### Dataset extract
--------------------

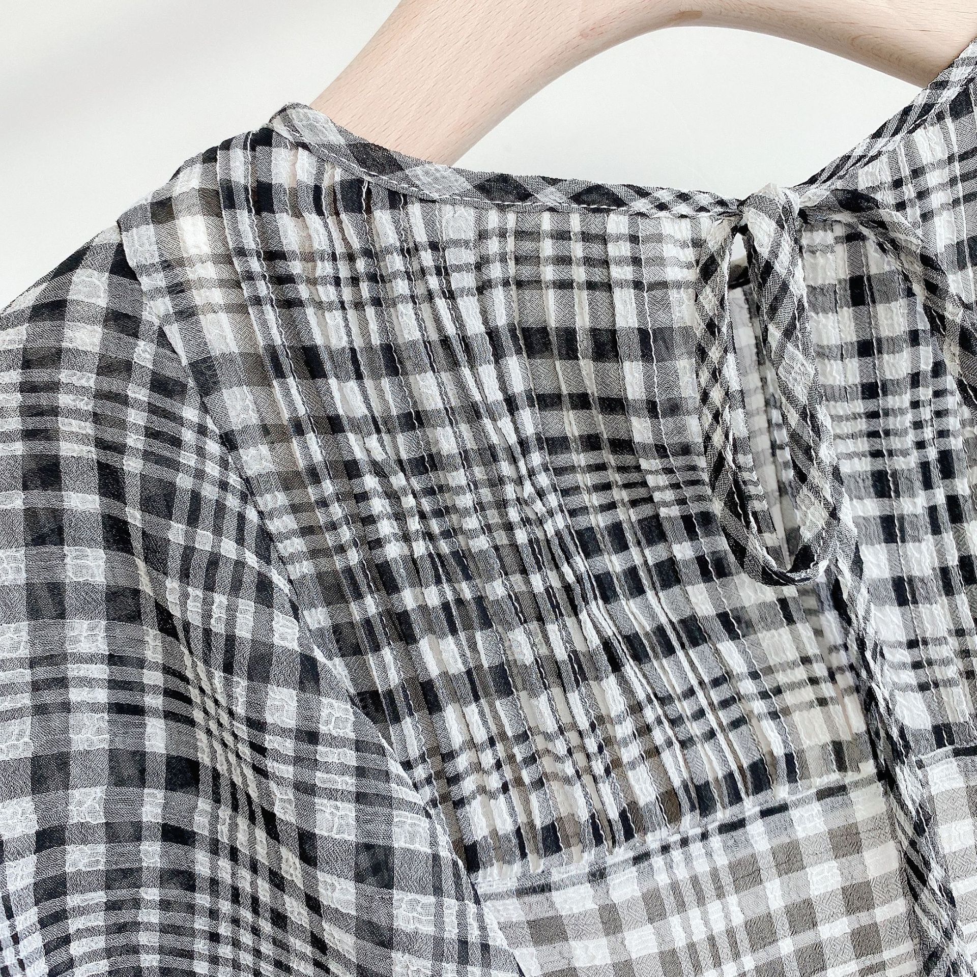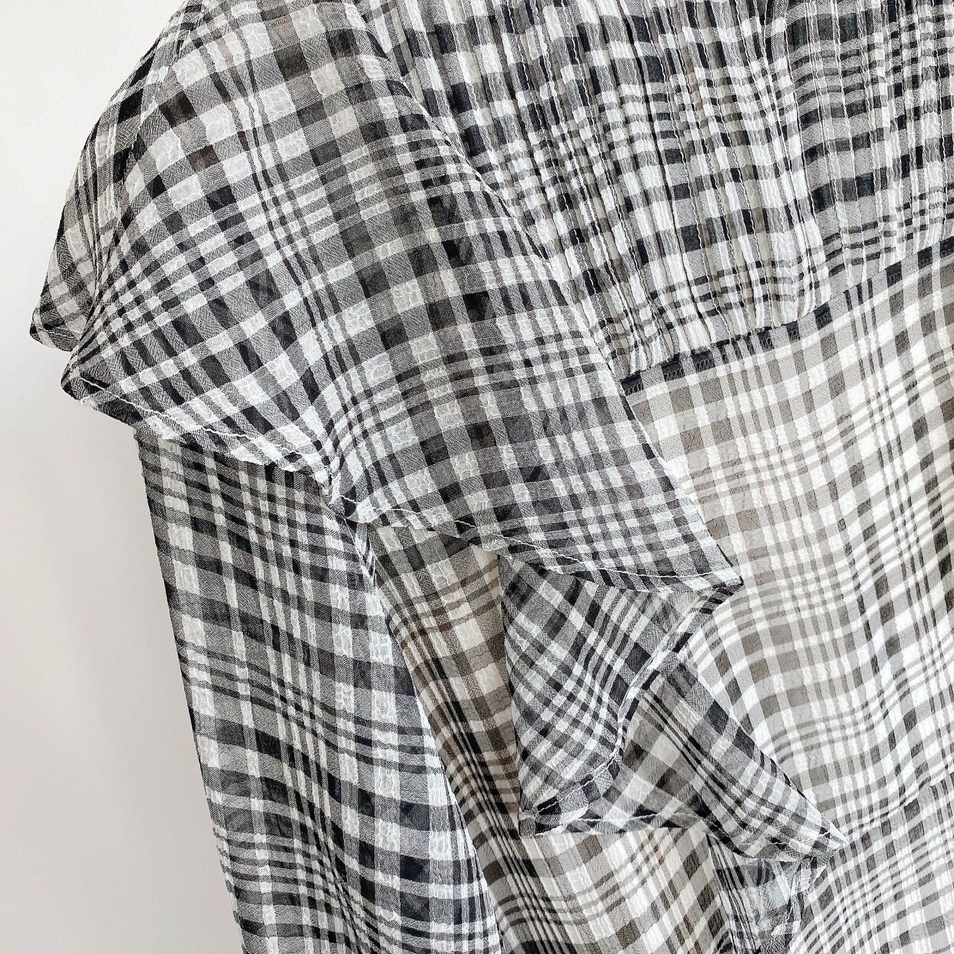 縦線の入ったジャガード見えのストライプ生地を使用したライトベージュとブラック、表面感のある生地を使用したチェックの、3色でお届けします。
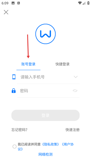 1、賬號登錄頁,有賬號和快捷登錄方式,需填手機號密碼,勾選協議可登錄,支持忘密碼和快速注冊。
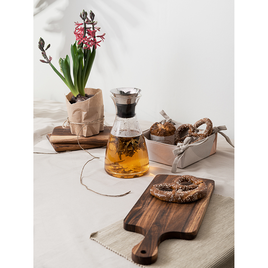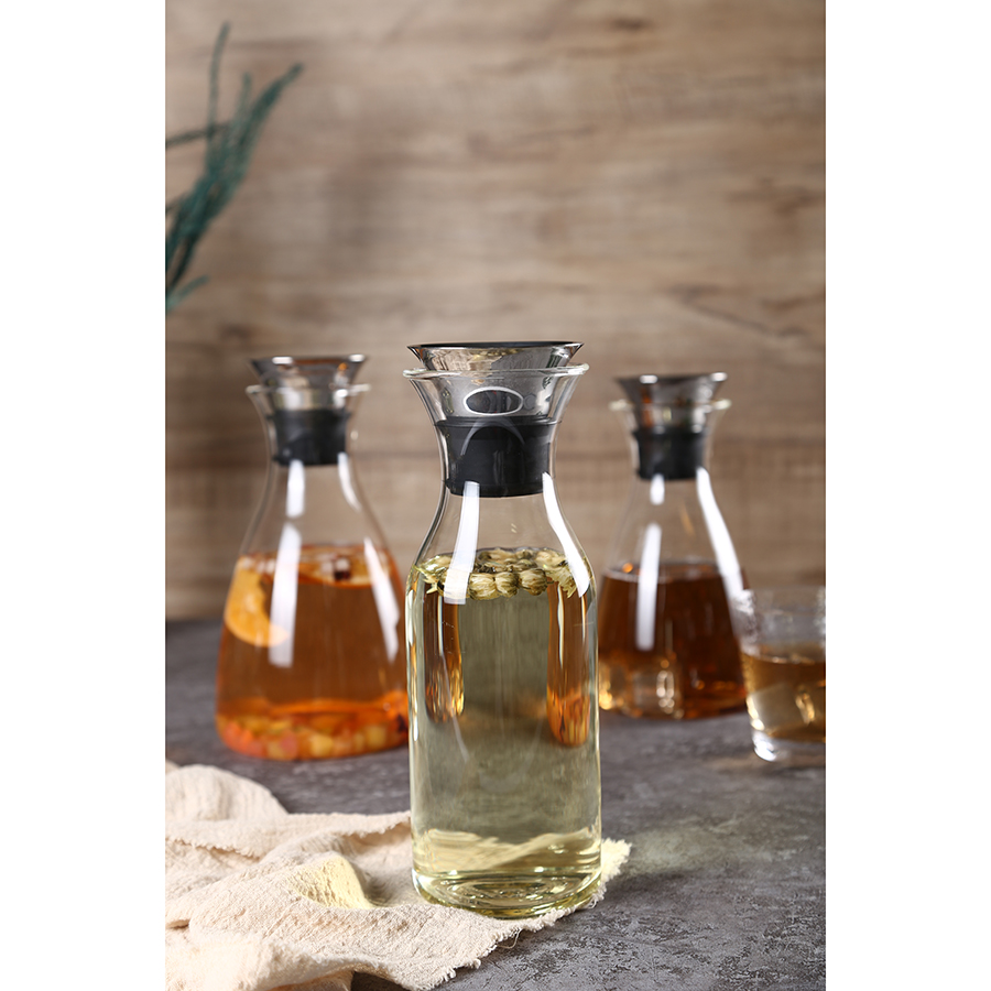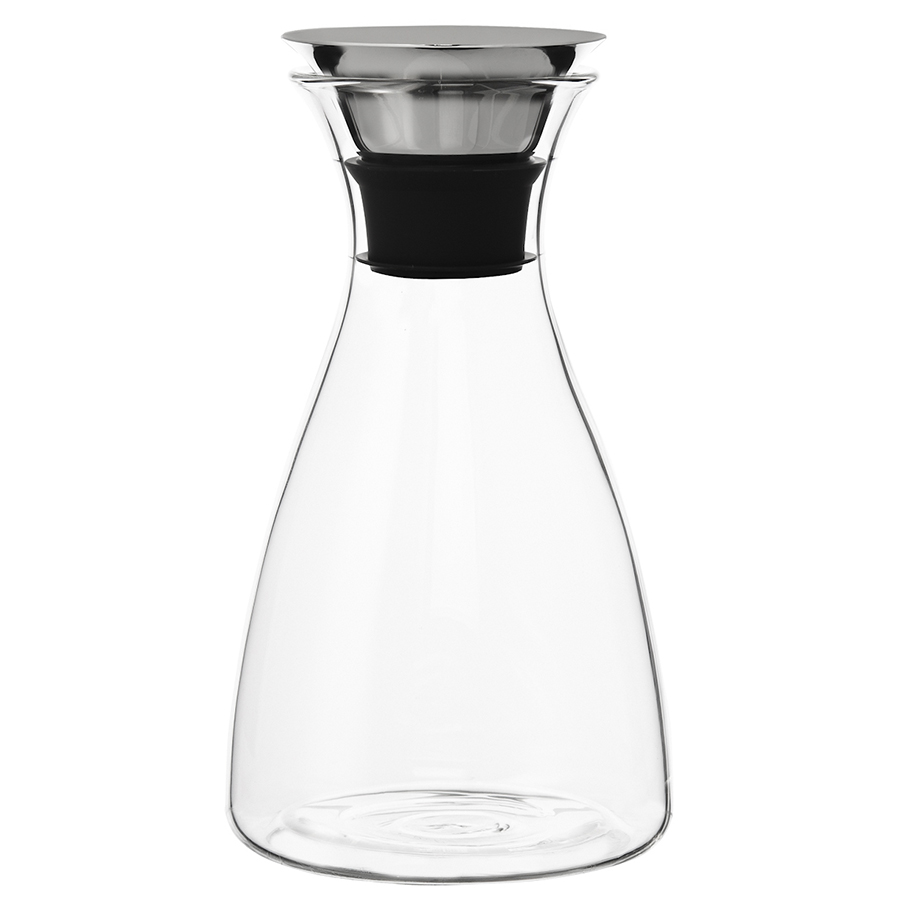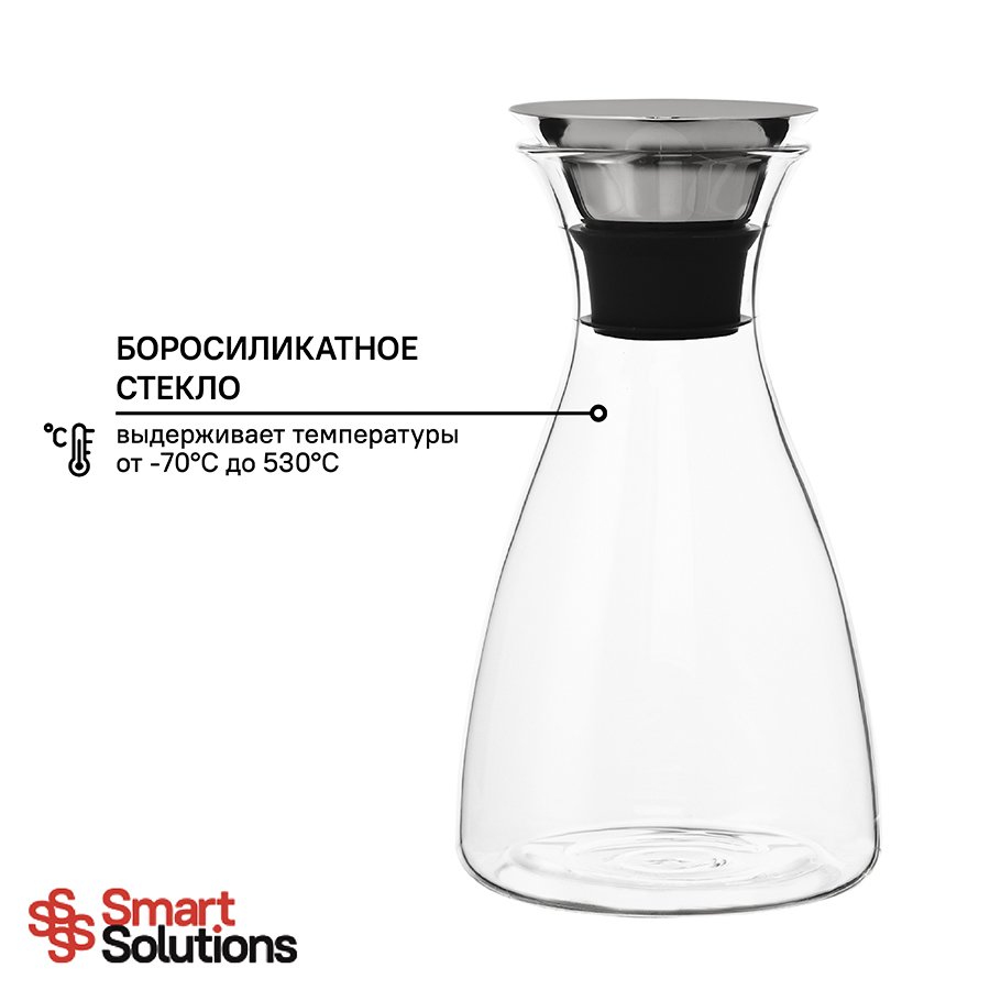 Двойное горлышко удобно при наливании: ни одна капля не упадет на стол. Силиконовый фрагмент не дает проскочить в чашку кусочкам фруктов другим ингредиентам. Графин идеально подходит для горячих напитков. Боросиликатное стекло выдерживает температуры от -70°С до 530°С.

--------------------

### Instructions for the task
Set down word for word, from the line that contains "1、賬號登錄頁,有賬號和快捷" to the end of the listing above, every line and no picture.

### Finished exercise
 1、賬號登錄頁,有賬號和快捷登錄方式,需填手機號密碼,勾選協議可登錄,支持忘密碼和快速注冊。
 Двойное горлышко удобно при наливании: ни одна капля не упадет на стол. Силиконовый фрагмент не дает проскочить в чашку кусочкам фруктов другим ингредиентам. Графин идеально подходит для горячих напитков. Боросиликатное стекло выдерживает температуры от -70°С до 530°С.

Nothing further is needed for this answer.